> Dataset records
[Start of section]
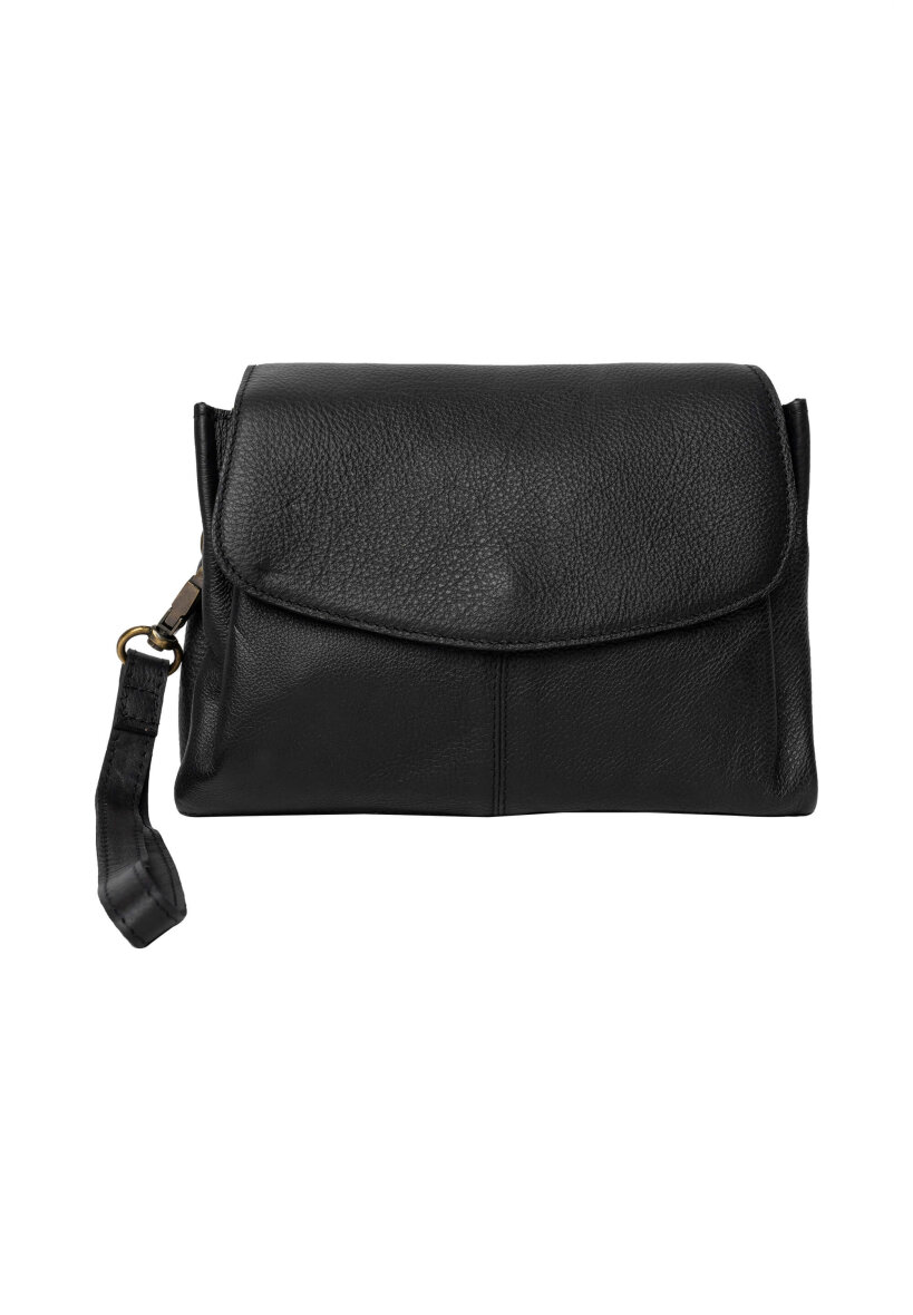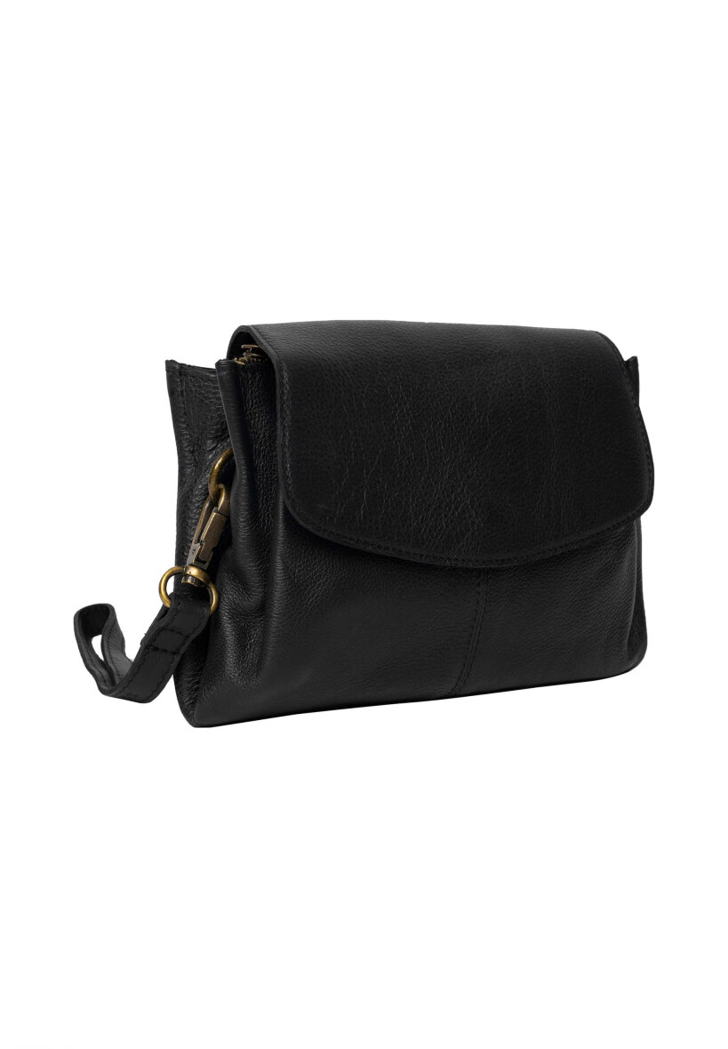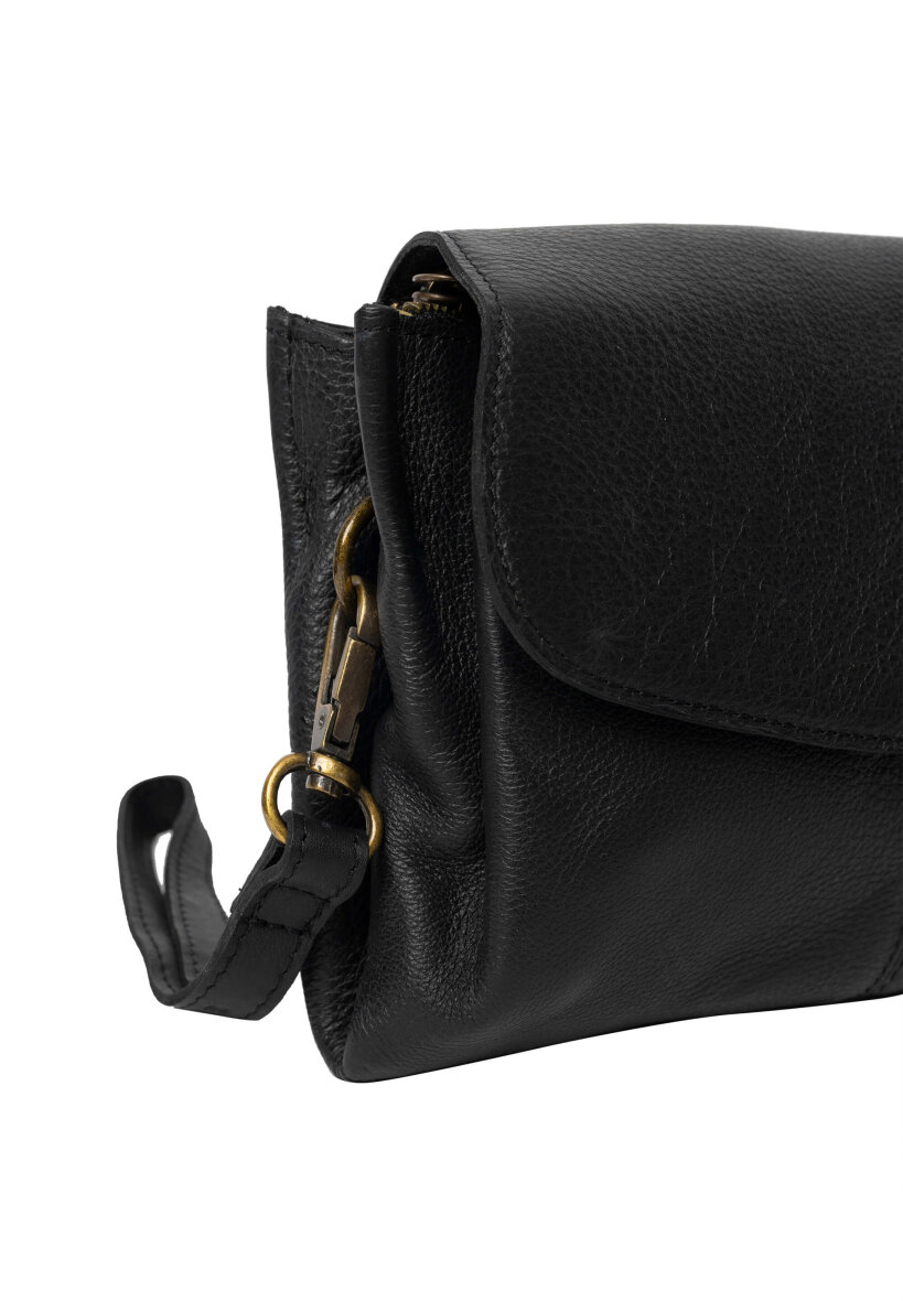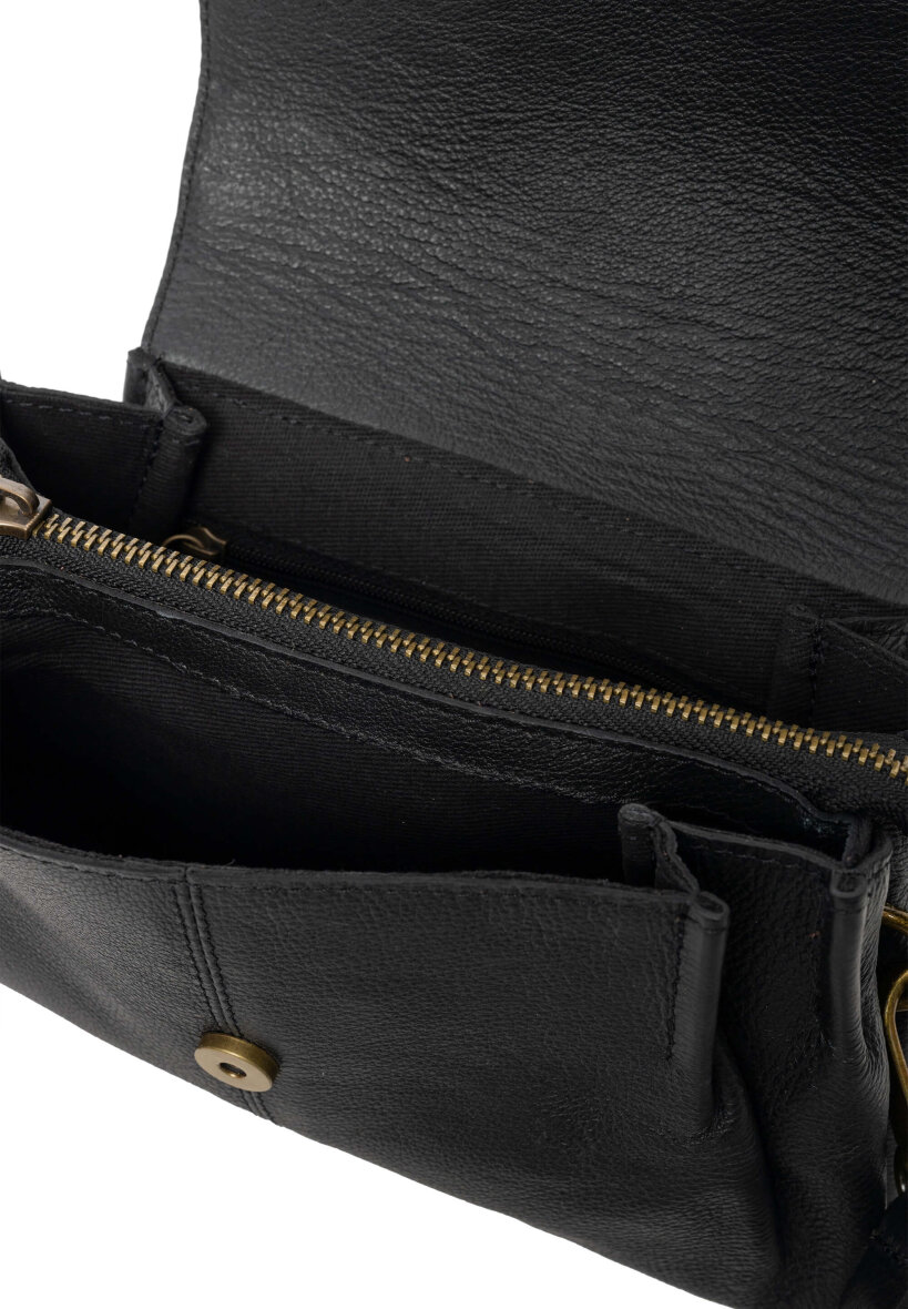 Tasken er lavet i skind, som sammen med messings detaljerne giver tasken en smart retro effekt. Liri tasken består af to åbne rum samt en lynlåslomme i midten. Der er tilmed en lille lynlåslomme indvendigt og tasken lukkes med en smart klap med trykknap. Aftagelig og justerbar rem medfølger, som gør det muligt også at bruge tasken som håndtaske.
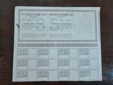 Vendo titolo originale di Debito Pubblico del Regno d’Italia, emesso il 1° luglio 1915, periodo Prima Guerra Mondiale.
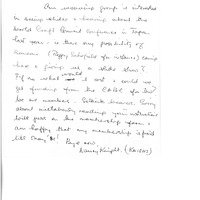 handwritten letter from Nancy Knight to Gail Rogers regarding a weaving group wanting to see slides from the recent CABC conference
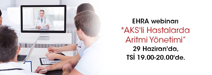 EHRA webinarı "AKS'li Hastalarda Aritmi Yönetimi" 29 Haziran'da, TSİ 19.00-20.00'de. EHRA üyelerine bedelsiz.
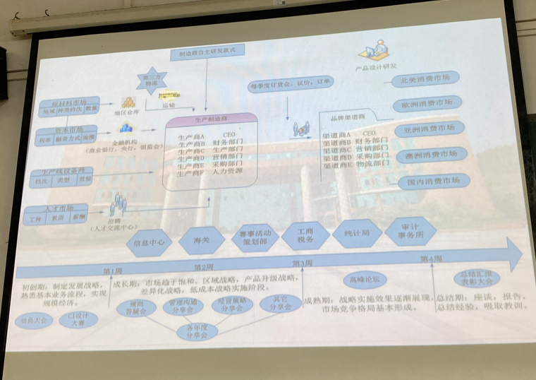 其次,吴主任以《旅游商品创新设计》与《旅游公共关系》两门课程为例,用学生的实验作品来阐释理论课(含实验学时)的主要教学目的,即检验专业理论掌握的程度和专业技能的提升(如创意能力、设计策划能力、新闻稿撰写能力等),再分享了《erp软件(财务与供应链系统)》、《企业行为模拟I(电子沙盘)》、《企业行为模拟II(手工沙盘)》三门核心实验课的实验原理与教学目的,再详细介绍了华商学院经管学科跨专业综合仿真实习平台。不同专业的学生组成若干个公司和社会中介机构,他们密切合作各司其职,通过亲身实验和实践活动,在复杂的仿真市场环境中,切实运用专业知识和技能,进行科学的决策与管理运行,依靠团队合作参与市场竞争,并树立竞争优势,进而战胜真实企业可能面对的各种困难。
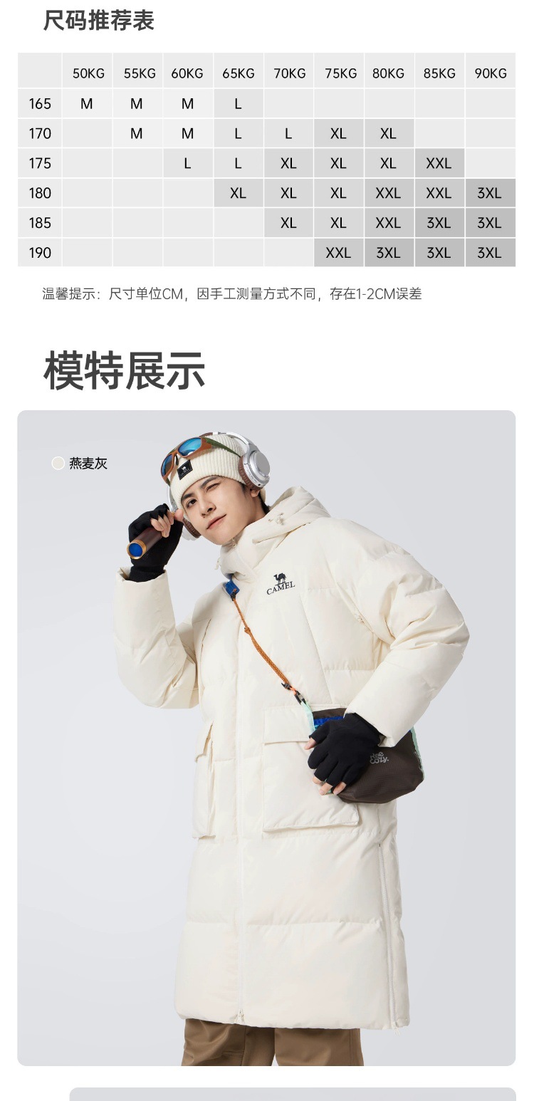 ラクダアウトドア三防ダウンジャケット25冬新作男女兼用ミドル丈ゆったりパンコート団体購入卸売
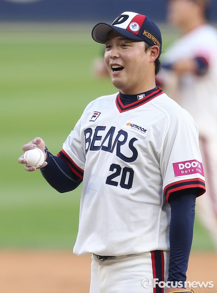 (서울=포커스뉴스) 5일 서울 잠실구장에서 열린 2016프로야구 SK-두산 경기 7회 무사 1루에서 두산 투수 안규영이 밝은 표정으로 투수 교체를 기다리고 있다.
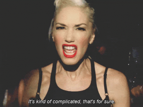 Gwen Stefani passionately delivers the line 'It's kind of complicated, that's for sure' with an intense expression.
[End of section]
All of the entries need to be copied exactly, minus any pictures.

 Tasken er lavet i skind, som sammen med messings detaljerne giver tasken en smart retro effekt. Liri tasken består af to åbne rum samt en lynlåslomme i midten. Der er tilmed en lille lynlåslomme indvendigt og tasken lukkes med en smart klap med trykknap. Aftagelig og justerbar rem medfølger, som gør det muligt også at bruge tasken som håndtaske.
 Vendo titolo originale di Debito Pubblico del Regno d’Italia, emesso il 1° luglio 1915, periodo Prima Guerra Mondiale.
 handwritten letter from Nancy Knight to Gail Rogers regarding a weaving group wanting to see slides from the recent CABC conference
 EHRA webinarı "AKS'li Hastalarda Aritmi Yönetimi" 29 Haziran'da, TSİ 19.00-20.00'de. EHRA üyelerine bedelsiz.
 其次,吴主任以《旅游商品创新设计》与《旅游公共关系》两门课程为例,用学生的实验作品来阐释理论课(含实验学时)的主要教学目的,即检验专业理论掌握的程度和专业技能的提升(如创意能力、设计策划能力、新闻稿撰写能力等),再分享了《erp软件(财务与供应链系统)》、《企业行为模拟I(电子沙盘)》、《企业行为模拟II(手工沙盘)》三门核心实验课的实验原理与教学目的,再详细介绍了华商学院经管学科跨专业综合仿真实习平台。不同专业的学生组成若干个公司和社会中介机构,他们密切合作各司其职,通过亲身实验和实践活动,在复杂的仿真市场环境中,切实运用专业知识和技能,进行科学的决策与管理运行,依靠团队合作参与市场竞争,并树立竞争优势,进而战胜真实企业可能面对的各种困难。
 ラクダアウトドア三防ダウンジャケット25冬新作男女兼用ミドル丈ゆったりパンコート団体購入卸売
 (서울=포커스뉴스) 5일 서울 잠실구장에서 열린 2016프로야구 SK-두산 경기 7회 무사 1루에서 두산 투수 안규영이 밝은 표정으로 투수 교체를 기다리고 있다.
 Gwen Stefani passionately delivers the line 'It's kind of complicated, that's for sure' with an intense expression.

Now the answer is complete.